Ama Gloria is produced by Bénédicte Couvreur, the long-time producer of Céline Sciamma and her films Petite Maman and Portrait Of A Lady On Fire.

Other winners in the International Competition include Best Director for Mexico’s Lila Avilés for Berlinale-selected family drama Totem and a Special Mention for the ensemble cast of Argentinian director Rodrigo Moreno’s The Delinquents, which debuted in Un Certain Regard this year.

In the Israeli Film Competition, David Volach’s comedy drama Daniel Auerbach, exploring questions of identity, religion, creativity and sexual identity “in a hyper Jewish way”, won Best Israeli Feature.

Hungarian director Kornél Mundruczó (Pieces of a Woman) presided over the jury which also featured Jasmila Žbanić (Quo Vadis, Aida?), Joseph Cedar and Alexandru Belc.

They awarded Syrian director Ehab Tarabieh’s The Taste Of Apples Is Red, set against the backdrop of the Druze community in the Occupied Golan Heights, Best Israeli First Feature.

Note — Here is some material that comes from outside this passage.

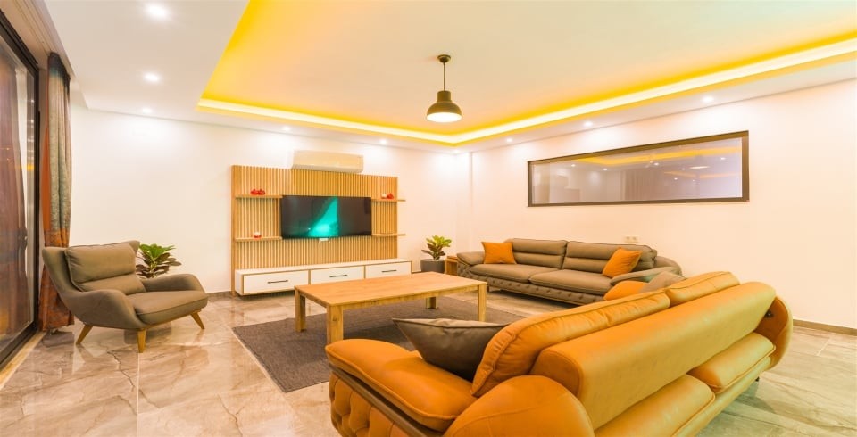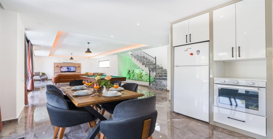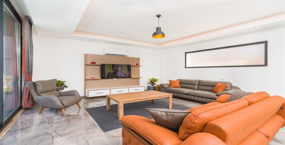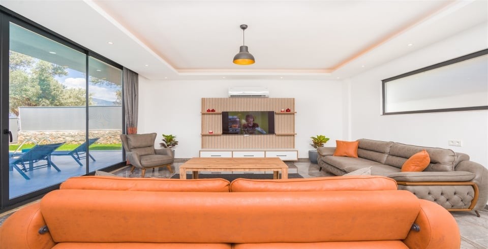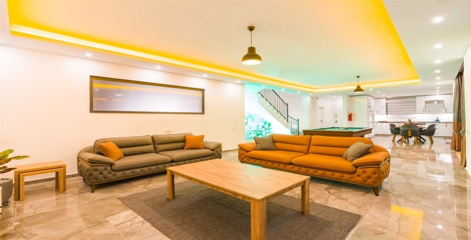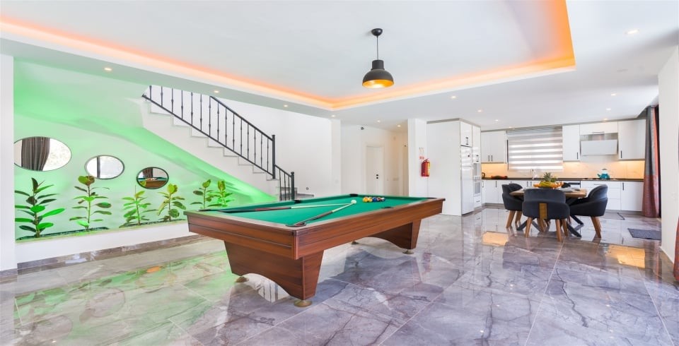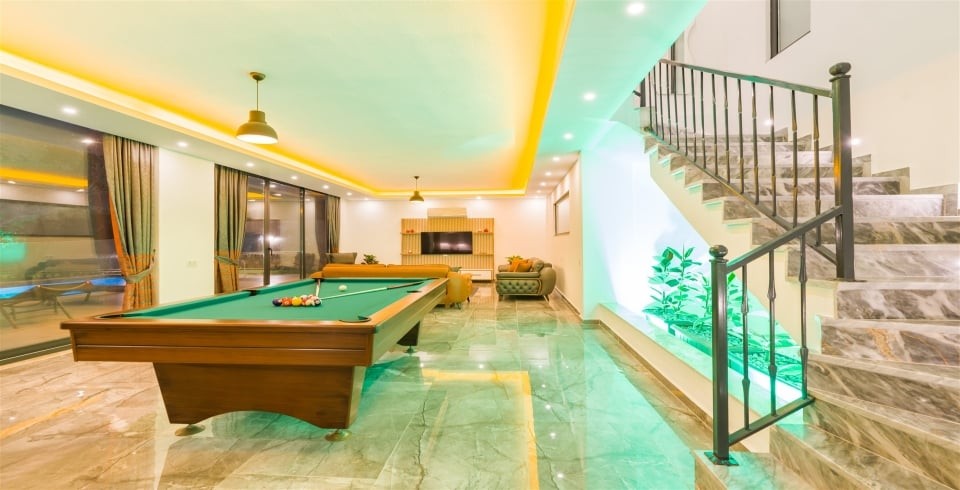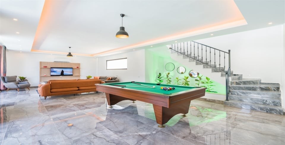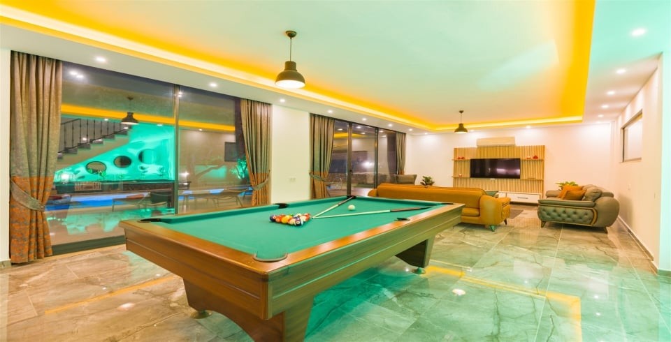 Salon : Villa salonunda oturma grubu, TV, internet, klima, bilardo masası, sehpa bulunmaktadır.

Other winners in the Israeli Competition included Asaf Saban’s Delegation, about a group of Israeli high school students who travel to Poland on a Holocaust studies trip, which scooped Best Screenplay and the Ensemble Award for the young cast.

Emos Ayeno won Best Performance in an Israeli Feature for Under the Shadow of the Sun, in which he plays a man who goes in search of his son after serving a long jail sentence for the murder of his wife.

Daniel Auerbach swept the craft-focused Israeli Cinema Awards, scooping Best Cinematography for Boaz Yehonatan Yacov, Best Original Score for Yonatan Alblak as well as Best Editing for Haim Tabakman & Lev Goltser, in ex æquo with Ayala Bengad for documentary The Three of Us.

The latter work – about a couple torn between their place in the Israeli Ultra-Orthodox community and the desire to give their autistic son the chance to win independence and be integrated into society – also won Best Israeli Documentary and Best Director in the Israeli Documentary Competition.

Best Documentary Research Award went to Jonathan Avrahami and Assaf Lapid for The Return from the Other Planet.

In other international categories, Croatian drama Safe Place by Juraj Lerotić won best film in the First Feature Competition, judged by Ali Abbasi, Barbara Albert and Sebastian Meise.

The award joins a string of prizes for the drama, about a family dealing with a suicide attempt by one of two adult sons, following wins at Locarno, Sarajevo, Shanghai, Beijing and Malta’s new Mediterrane Film Festival.

Mongolian filmmaker Zoljargal Purevdash’s If Only I Could Hibernate, which debuted in Un Certain Regard, received a Special Mention.

Fernando Guzzoni’s Blanquita won Best Feature Film in the justice and freedom focused In The Spirit of Freedom Competition, judged by Sébastien Lifshitz, Yael Perlov and Manuela Martelli.

The film about a real-life child prostitution scandal that rocked the country in the early 2000s, was Chile’s entry to best international film category for the 2023 Oscars.

In the same competition, Best Documentary went to Tina Satter’s film Reality about the real-life story of whistleblower Lee Winner, based on the exact transcript of the recording of her arrest.

Acknowledging that the film was not officially categorized as a documentary, the In The Spirit Of Freedom jury said: “The director’s choices to use a huis clos situation and strict respect to the dialogue that occurred create an incredible and virtuose mise en scene, between documentary and fiction.”

In other categories Tatiana Huezo’s The Echo won Chantal Akerman Competition, devoted to experimental documentary works, while Paul B. Preciado’s Orlando, My Political Biography and Sergei Loznitsa’s The Kiev Trial received Special Mentions.

The Jerusalem Film Festival continues until Sunday with Justine Triet’s Cannes 2023 Palme d’Or winner Anatomy of a Fall as the closing film.